SUMMARY OF THE INVENTION
[0010] The system preferably includes a multiplicity of
communications devices connectable to a computer network via a
multiplicity of connection media which may either be wired or
wireless. It will be appreciated by those skilled in the art that
communications device can be any device operative to interface with
a preferably human user and execute computer instructions such as a
software or firmware program, including but not limited to a PC, a
computer other than PC, a portable computer, a hand-held device, a
programmable consumer electronic device, a network PC, or a web
application executable platform-independently in a Web browser.
[0011] Communications devices are preferably operative to receive
inputs, including audio inputs via built-in or standalone devices
from and deliver outputs, including audio outputs via built-in or
standalone audio reproducing devices, to users. As well,
communications devices are preferably operative to transmit and
receive information via computer network to and from at least one
server which is also connected to computer network via connection
media. Server is likewise operative to send and receive information
via computer network.
[0012] A messenger apparatus, which is typically resident in
communications device, in a preferred embodiment of the present
invention connects to a messaging server, which is typically
resident in at least one server and in one embodiment of the
present invention implements and extends Jabber set of open instant
messaging protocols. A multiplicity of messengers is connectable to
at least one messaging server thus fulfilling common messaging
functions such as user authorization, maintaining lists of sought
users known as "buddy lists", exchanging presence information, and
the like.
[0013] Additionally, two or more users each running their
messengers can engage in a normal voice communication in the form
of dialog-based discussion, e.g. to fulfill a business or leisure
conference call. Any user can activate voice a transfer function in
his/her messenger by a configurable action, such as pressing and
holding a designated button or toggling this button to initiate
voice transfer and then toggling it again to complete the voice
transfer. The messenger of speaking user captures his/her voice and
transfers it to messengers of listening users. According to one
embodiment of the invention, the messenger is operative to capture
and transmit voice to other messengers, preferably bypassing the
messaging server using so called peer-to-peer mode. These
transmissions are typically implemented using network streaming
technologies. The messaging server controls the multiplicity of
messengers engaged in any given conference to facilitate a
convenient dialog based conversation, in particular so that: [0014]

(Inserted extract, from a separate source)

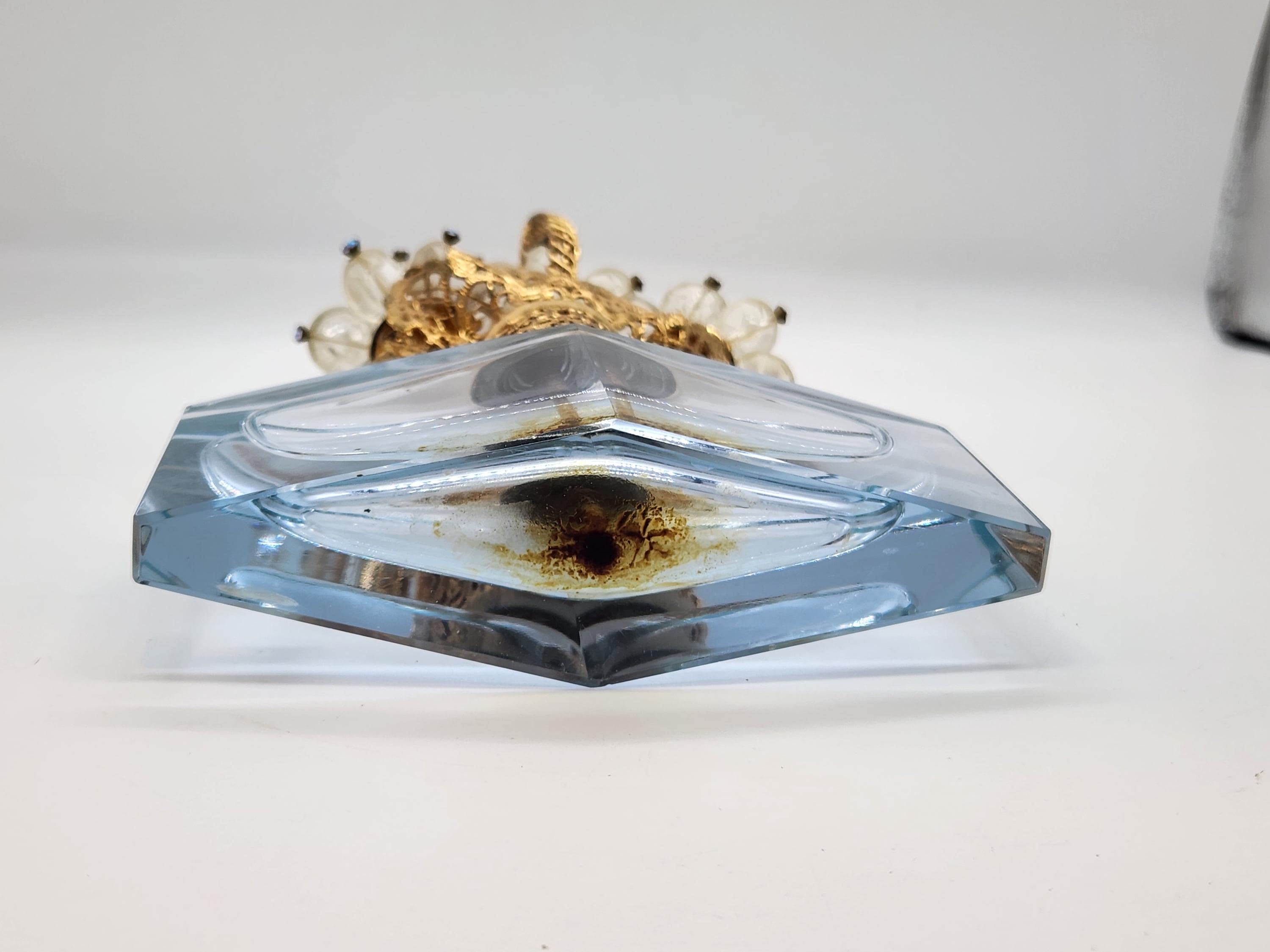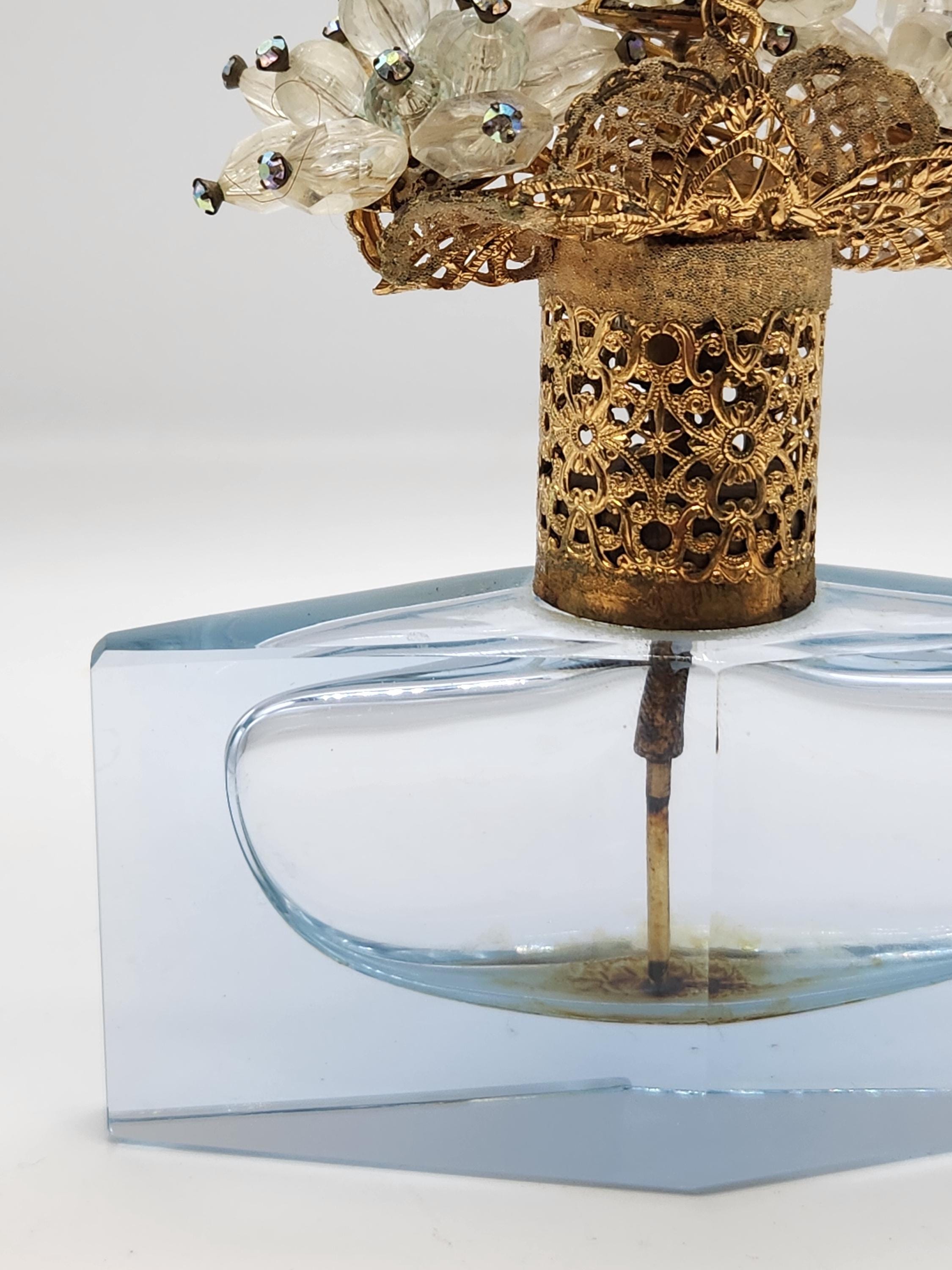 Crowning this magnificent bottle is a delicate brass filigree basket top, adorned with charming beaded flowers, adding an extra layer of intricate beauty and sophistication. Measuring a graceful 4.5 inches wide and standing 6 inches tall, it's perfectly sized to make a statement without overwhelming your vanity or display cabinet. This unique perfume bottle doesn't just hold fragrance; it embodies a bygone era of luxury and craftsmanship.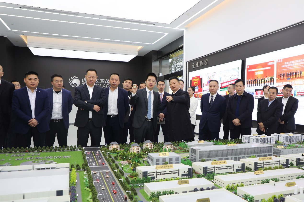 费功全董事长一行先后参观了通威集团体验中心、通威太阳能成都三期A1展厅、A1智能制造电池生产车间、永祥新能源厂区,全面了解了通威集团37年的发展历程、未来规划、产业布局、品牌成果以及发展愿景等,并对通威农业与新能源协同发展的创新模式表示高度赞赏。

a. there is only one user transmitting his/her voice into the
conference at any given time; [0015] b. there is one user in any
given conference who is deemed a moderator and who can override
other users' messengers transmitting into the conference; and/or
[0016] c. all messengers engaged in the conversation display
information to their respective users about the possibility of
starting the voice transmission into the conference at this given
moment, the identity of currently speaking user, optionally a list
of other users waiting in the queue, etc.
[0017] Additionally, an embodiment of the present invention
includes speech-to-text recognition (STTR) applications which are
typically resident in each communications device and are operative
to recognize the speech of messenger users. Personal STTR
applications are now widely available for modern communications
devices, e.g. installed on PCs within Microsoft Windows Vista or
freely downloadable for other versions of Microsoft Windows, all
commercially available from Microsoft Corporation. The
speech-to-text recognition application is operative to take audio
inputs from a built-in or standalone device such as microphone,
optionally using a prerecorded profile of the sender for enhancing
the recognition accuracy, and to return recognized text to the
messaging server. The messaging server may then transmit the
recognized text to messengers used by the sender and the intended
recipients of the voice message. Recognized text is preserved in a
messaging history file, coupled with original voice recordings,
thus enabling textual search through the history of the voice
messaging. The history is preferably stored in a communications
device where the related messenger is typically resident. In
another embodiment of the present invention, the history is stored
in a server.
[0018] Further, in an embodiment of the present invention, the
speech-to-text recognition application is operative to capture and
preserve the profile of each user and apply this profile to enhance
quality of speech-to-text recognition of further voice messages
sent by the particular user.
[0019] It will be appreciated by those skilled in the art that the
stated method of using STTR at communication devices of voice
conference participants with subsequent combining of recognized
text transcripts of each user's voice messages into an integrated
transcript of the voice conference, rather than performing STTR
function at a server, is a standalone innovation which can be
applied to any voice conference done with the help of communication
devices, including but not limited to the regulated voice
conferencing described herein as well as the common Voice-over-IP
calling implemented by a number of applications available on the
market today.
[0020] It will be appreciated by those skilled in the art that in
other embodiments of the present invention most or all of the
employed functions of servers may be replaced by functions built
into communications devices and messengers, thus implementing
server-less peer-to-peer communication.
BRIEF DESCRIPTION OF THE DRAWINGS
[0021] FIG. 1 is a simplified diagram of a system that includes
components to implement an embodiment of the present invention.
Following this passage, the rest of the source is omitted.